Sunder Ramu is an Indian film and stage actor, who has also worked as a photographer. He made his first film appearance in the 2011 drama film Mayakkam Enna. After winning critical acclaim for his performance he has also gone on to feature in Aishwarya Dhanush's 3 in a pivotal role.

Career
After completing his secondary education at The Valley School, Bengaluru, Sunder went to and consequently dropped out of the National School of Drama in Delhi halfway because he could not cope with Hindi.
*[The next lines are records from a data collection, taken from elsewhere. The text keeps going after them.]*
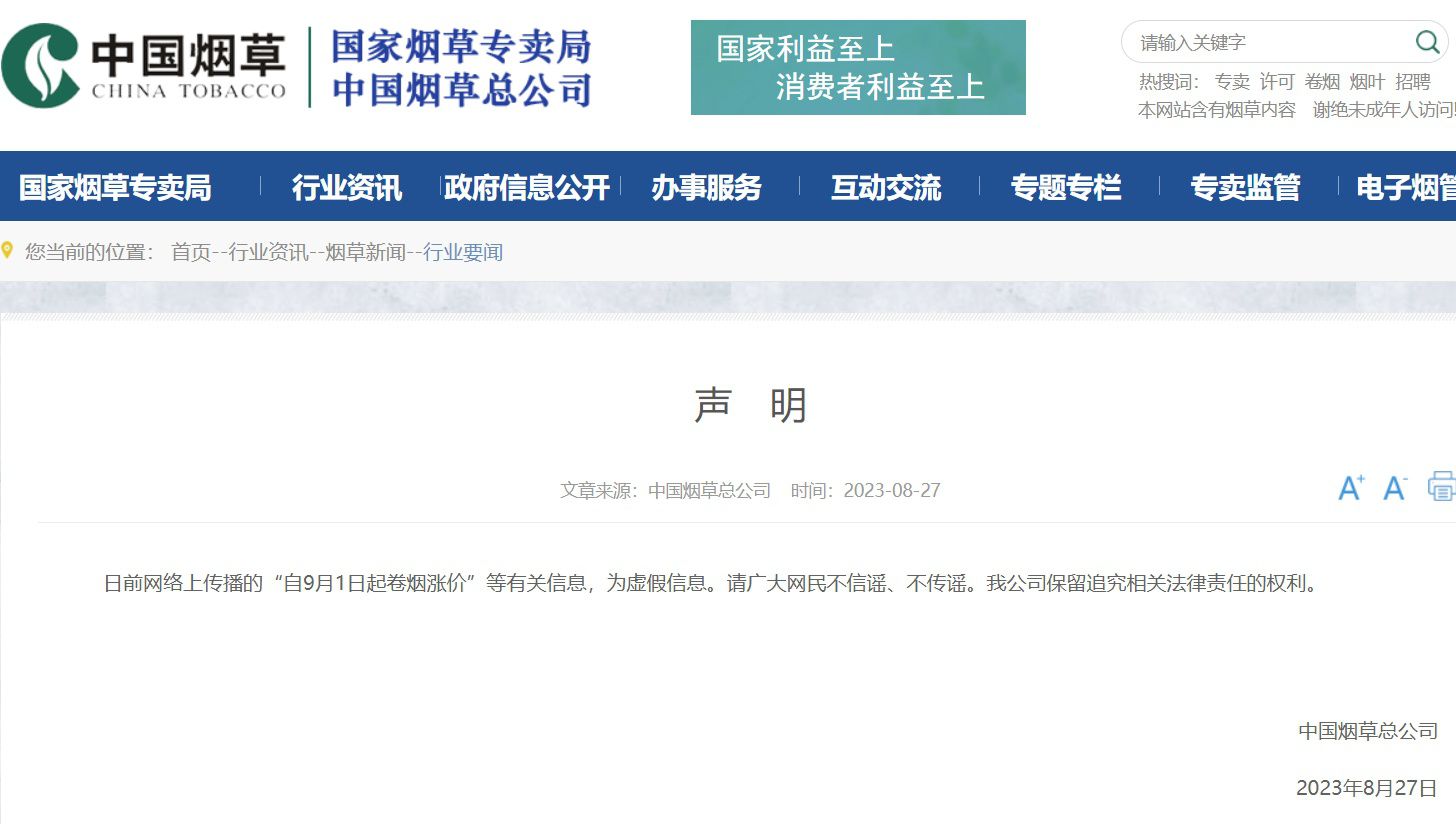 中国烟草总公司8月27日晚间发布声明称,日前网络上传播的“自9月1日起卷烟涨价”等有关信息,为虚假信息。请广大网民不信谣、不传谣。我公司保留追究相关法律责任的权利。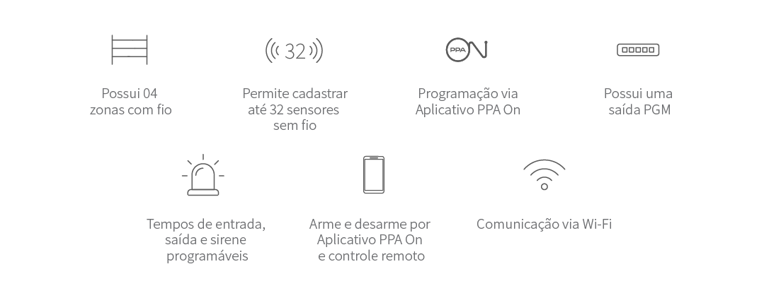 Alarme com alta conectividade, que se integra facilmente com o seu smartphone, permitindo ligar, desligar e receber notificações em qualquer lugar, a qualquer hora. Tudo isso, através do aplicativo PPA On.
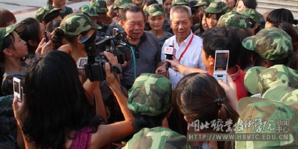 (魏迪仁老师、黄继光的弟弟黄继恕与湖北职院大学生在一起)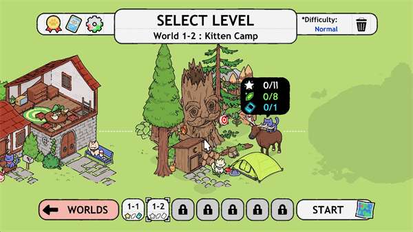 1、进入游戏后滑动屏幕可以选择不同的关卡,选好关卡后点击start按钮开始游玩。

He returned to Chennai to join the Visual Communication course at Loyola College and happened to shoot a portfolio for model Sunita Punjabi who reached the semi-finals of the Femina Miss India competition. This began a career in fashion photography and he has since gone on to work for several different brands. He juggled this with a career as a stage actor, featuring in pantomimes for The Little Theatre for over 10 years. Since the early 1990s, Sunder has acted in about 600 shows with 12 different groups.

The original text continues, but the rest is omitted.